Canndescent is a cannabis company. It grows and sells weed. Adrian Sedlin, a graduate of Harvard Business School and the founder and CEO of Canndescent, wants to make pot sophisticated.

"Call us the Courvoisier of cannabis or Hermès of cannabis. We're going after that high-end adult use," Sedlin says to Marcus Lemonis in CNBC's special episode of "The Profit," "Marijuana Millionaires," premiering Tuesday, Aug. 8 at 10 pm EST/PST.

Headquartered in Desert Hot Springs, California, Canndescent is part of a new wave of start-ups looking to capitalize on the recent law change in the state. In November 2016, California passed Proposition 64, legalizing the sale and use of marijuana for recreational purposes, which goes into effect on Jan. 1, 2018. Currently, marijuana is only legal for medical purposes.

Cannabis is also still illegal according to federal law. It's part of what stops big companies from investing in the industry. Entrepreneurs, though, like Sedlin, are enamored by the potential.

Right now, Canndescent nets 65 pounds of dried cannabis flower each time it harvests, which is every 10 days. Canndescent sells the cannabis to dispensaries for $3,000 a pound, which is on the expensive side. Typically, a dispensary pays between $1,500 and $2,500 a pound.

Sedlin justifies the high-end price tag with sophisticated branding (the boxes look like fancy teas) and he claims to sell a superior-quality product. There is no chemical burning smell to Canndescent weed, says Sedlin, and when you break the flower, it snaps perfectly, ensuring a "perfect smoke."

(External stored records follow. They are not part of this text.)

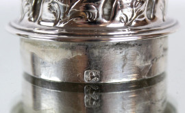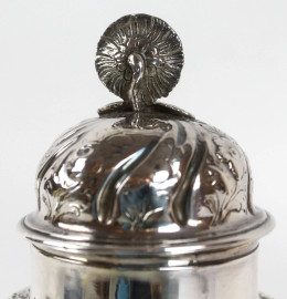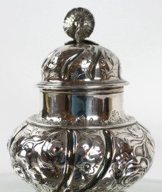 Scatola da thè in argento sbalzato e cesellato, cm h 15, Inghilterra, gr 258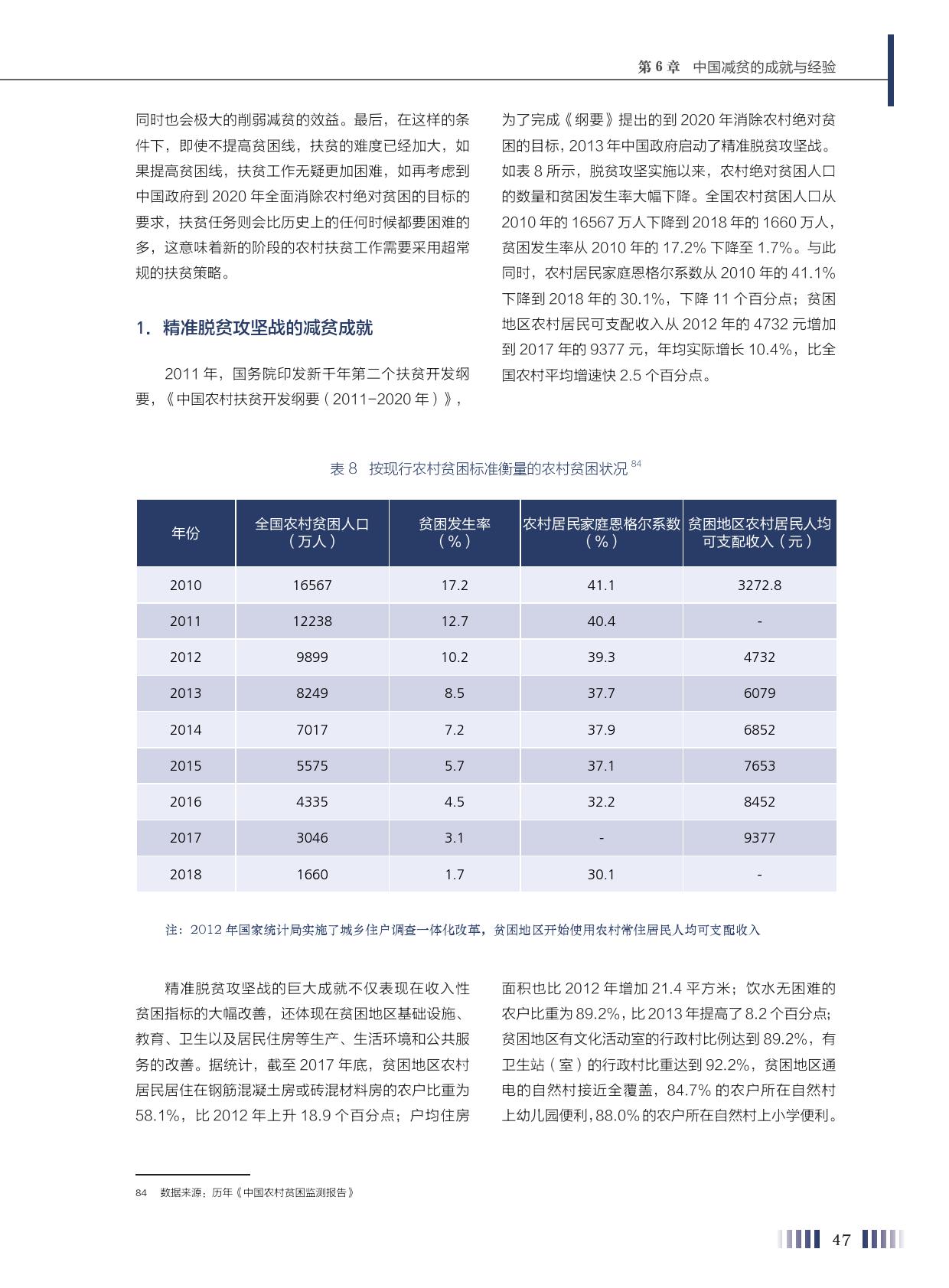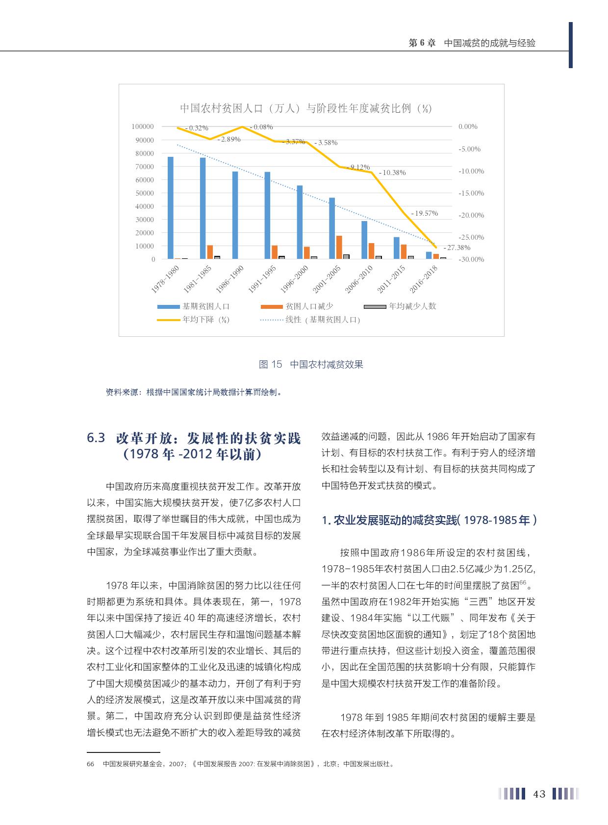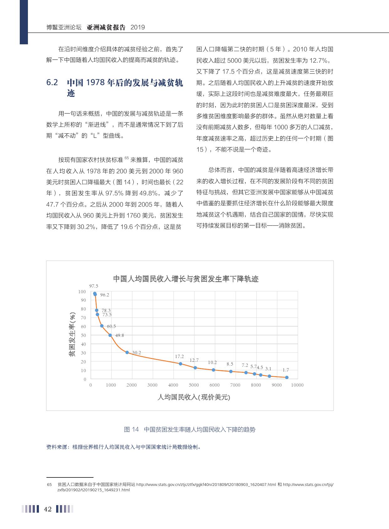 报告称,中国为亚洲减贫提供了“中国方案”。按现有农村扶贫标准来推算,中国的人均收入从1978年的200美元上升到2000年的960美元,贫困发生率从97.5%降到49.8%,减少了47.7个百分点。2000-2005年,随着人均国民收入从960美元上升到1760美元,贫困发生率又下降到30.2%,降低了19.6个百分点。2010年人均国民收入超过5000美元以后,贫困发生率为12.7%,又下降了17.5个百分点。随着人均国民收入的上升,减贫的速度开始放缓。实际上,第三段时间也是减贫难度最大、任务最艰巨的时刻,因为此时的贫困人口是贫困深度最深、受到多维贫困维度影响最多的群体。虽然从绝对数量上看没有前期减贫人数多,但每年1000多万的人口减贫,年度减贫速率之高,超过历史上的任何一个时期。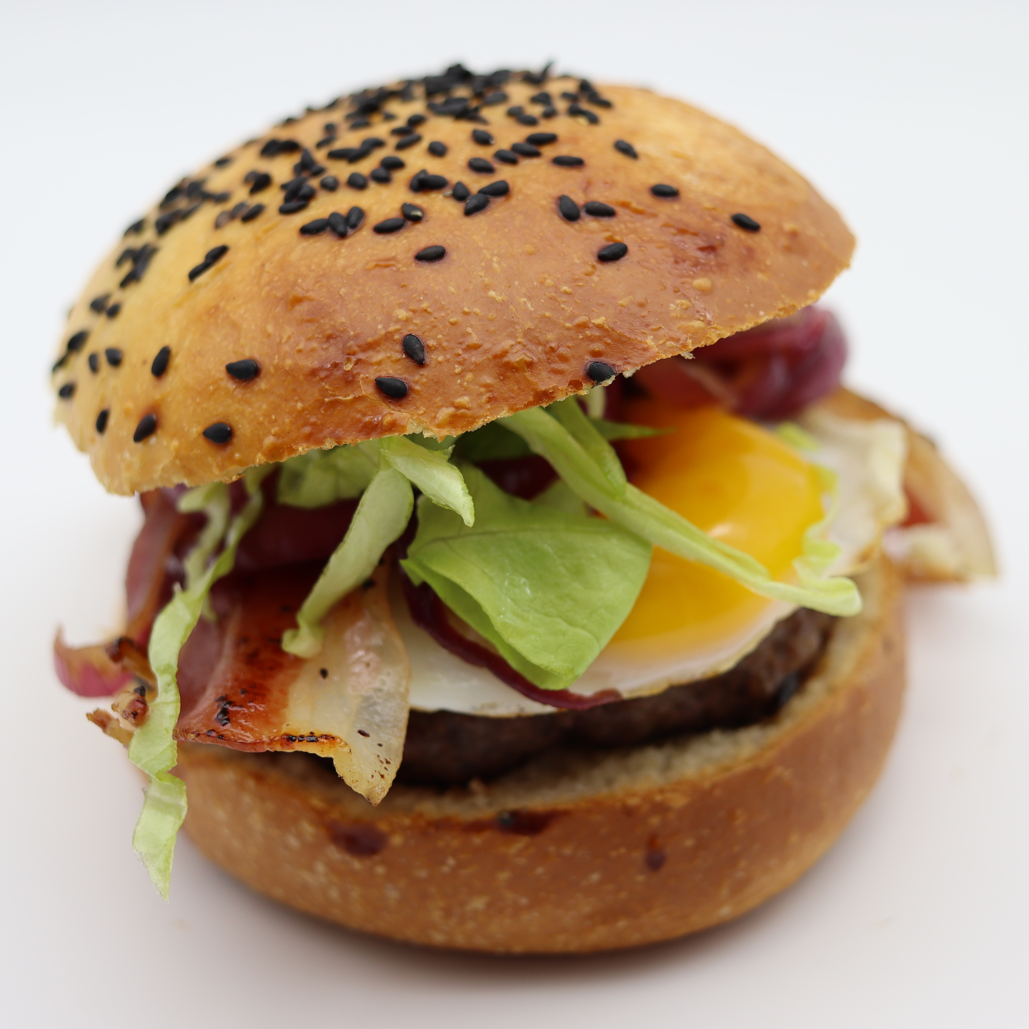 Uovo, cheddar, lattuga, cipollina rossa, pancetta artigianale croccante, macinato di angus con il pane fatto in casa.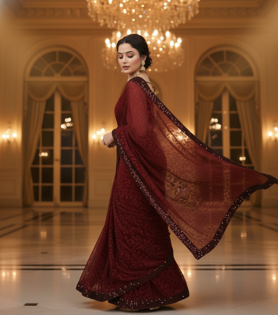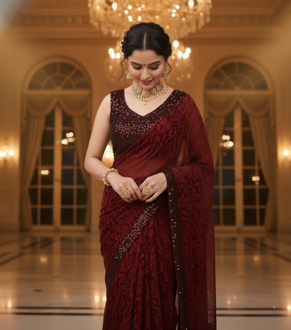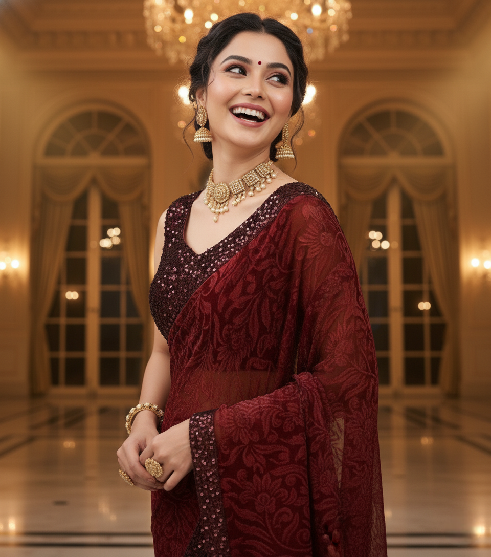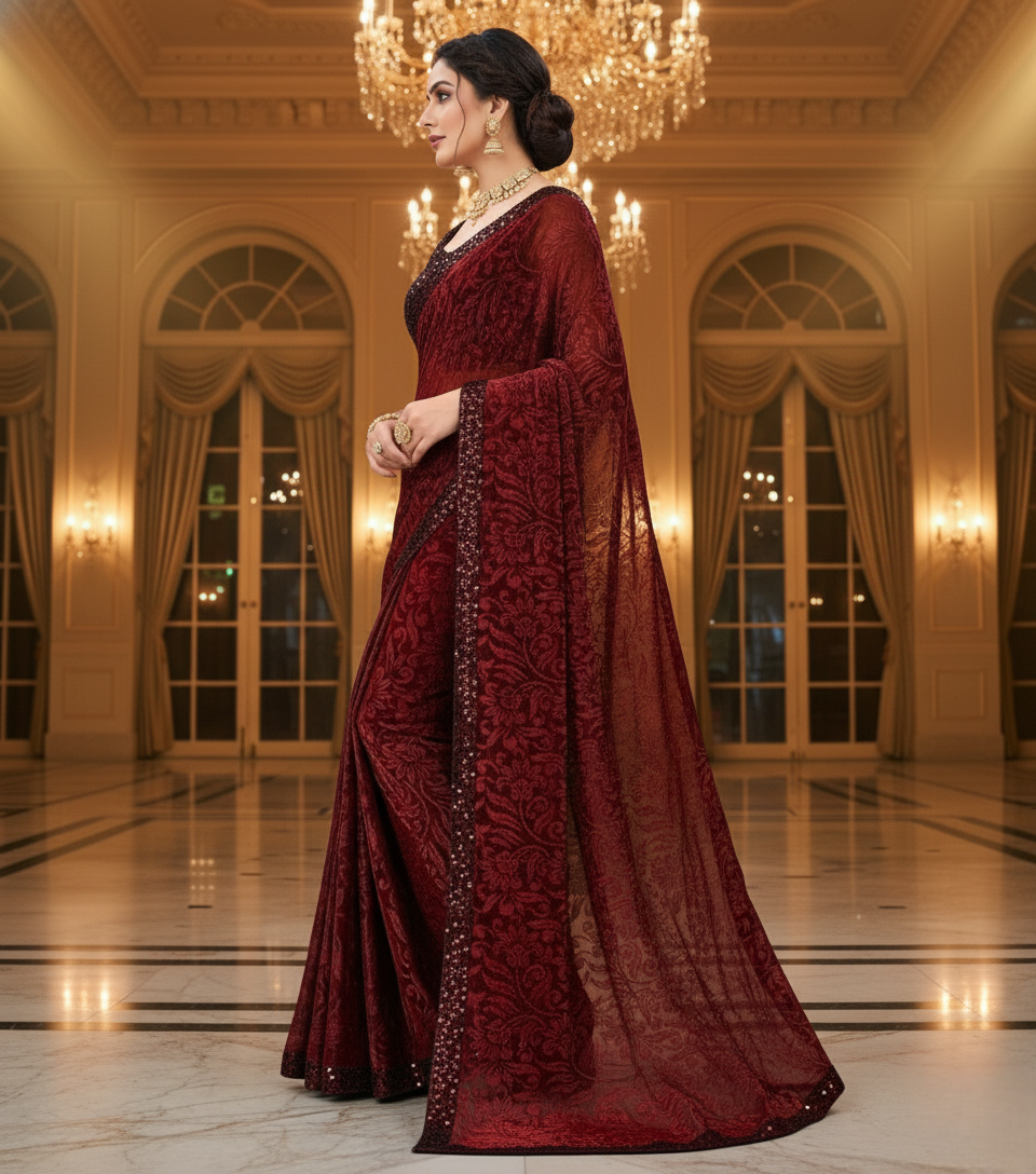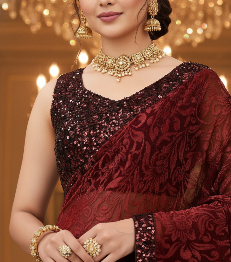 Maroon Lycra Floral Saree

Canndescent sells five varieties of cannabis, with names based on emotional states: Calm, Cruise, Create, Connect and Charge.

"It's making it accessible. It's giving people analogies in their life," says Sedlin. "Your purchase becomes a reflection of who you are."

Lemonis, the star host of "The Profit," agrees the chic packaging is smart. "I give Adrian a lot of credit for simplifying the approach to marketing the product," he says. "I think the name is interesting. I think the packaging is fantastic. And to simplify things like 'calm,' 'create,' 'charge' — those are words that, I guess, yoga enthusiasts can relate to. It has a Whole Foods-esque packaging to it," he says.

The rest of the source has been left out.